Africa land grab could distort trade: IFAP

IFAP's Ajay Vashee

Reuters | Monday June 15 2009

  • Blames lack of investments by govts in agric for land grab
  • Says global agriculture plan needed to prevent food riots

By Wendell Roelf

CAPE TOWN, June 15 (Reuters) - A spate of controversial land acquisitions in Africa is a direct result of lack of investment by poorer governments and may worsen global trade distortions, the head of the world's leading farming lobby said on Monday.

Companies from the United States to the Middle East and Asia are eyeing investments in large farms on the world's poorest continent, looking to buy or lease land some activists have criticised as "land grabs."

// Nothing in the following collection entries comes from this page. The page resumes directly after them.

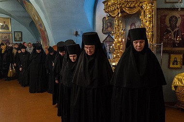 За Литургией молились настоятельница Благовещенского женского монастыря схиигумения Амвросия (Усталова) и монахини обители.
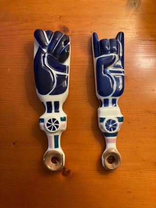 Original conjunto de dos piezas decorativas de cerámica de Sargadelos, con forma de manos. Años 70. Está perfectamente conservado y tiene el sello original.
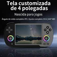 O texto descreve o console portátil Anbernic RG40XX H, projetado para jogos retro, com sistema operacional Linux e tela IPS de 4 polegadas (resolução 640x480). Compatível com mais de 5.000 jogos pré-instalados, ele suporta expansão de armazenamento até 512GB e possui bateria de 3200mAh. Inclui interfaces Type-C e HDMI, além de ser compatível com Bluetooth. Indicado para maiores de 5 anos, é feito de plástico, tem certificação CE e é de origem chinesa (CN). A embalagem está incluída.
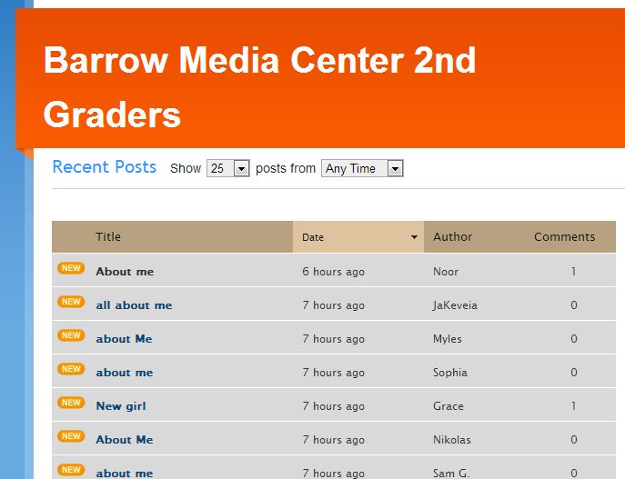 Their blogs are located at Barrow Media Center 2nd Grade KidBlog.  We invite you to read and comment on their posts.

"Basically this development is as a direct consequence of the lack of investment and prioritisation of investment in agriculture by many, many developing country governments," Ajay Vashee, president of the International Federation of Agricultural Producers (IFAP), told Reuters.

"At the moment the way it's panning out is it's more towards ensuring food supply for countries or maybe raw materials...but it could lead to a situation where it could have ramifications on trade in the years to come," Vashee said on the sidelines of an African agriculture conference in Cape Town.

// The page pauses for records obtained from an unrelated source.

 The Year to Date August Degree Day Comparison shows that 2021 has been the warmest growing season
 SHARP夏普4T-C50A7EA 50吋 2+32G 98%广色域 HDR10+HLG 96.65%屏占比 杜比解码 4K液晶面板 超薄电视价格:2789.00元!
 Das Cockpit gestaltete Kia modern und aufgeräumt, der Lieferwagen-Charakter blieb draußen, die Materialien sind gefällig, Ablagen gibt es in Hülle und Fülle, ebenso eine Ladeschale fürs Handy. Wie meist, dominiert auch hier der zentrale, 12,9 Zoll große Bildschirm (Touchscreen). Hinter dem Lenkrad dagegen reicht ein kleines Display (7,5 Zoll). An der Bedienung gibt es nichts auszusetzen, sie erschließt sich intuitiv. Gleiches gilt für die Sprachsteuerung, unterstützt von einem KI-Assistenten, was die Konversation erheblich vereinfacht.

However, Vashee, whose organisation represents 600 million farmers and 115 farmer organisations in 82 countries, said he could not see the distortions yet.

Large swathes of arable but fallow land in Africa has prompted rich countries, such as Saudi Arabia, to buy or lease tens of thousands of hectares of land as they seek greener pastures to help secure food security at home.

But the land acquisition phenomenon has been derided as exploitative by land activists and prompted the World Bank and European Union to call for guidelines.

SOLUTION

"We need to have functioning land markers, we have to have a tenure system for land ownership," Vashee said.

"The market will allow us to transfer land title, tenuring will allow security of land property," he said.

Ramping up domestic investment among small-scale African farmers was the easiest way to increase productivity and prevent controversial land deals, which could be reserved for niche markets such as the horticulture industry, he said.

Vashee, forecasting food prices across the board would rise between 10-15 percent in the next two to three years, called for a global agriculture plan to be developed to help prevent food price riots which rocked Africa in 2008.

"We don't have concrete figures but we've got some permutations which are likely to show that it will up 10 to 15 percent across the board," Vashee said.

Among the main drivers of the predicted food price increases were higher energy costs and climate change considerations as a global economic downturn curbed consumer spending, he said.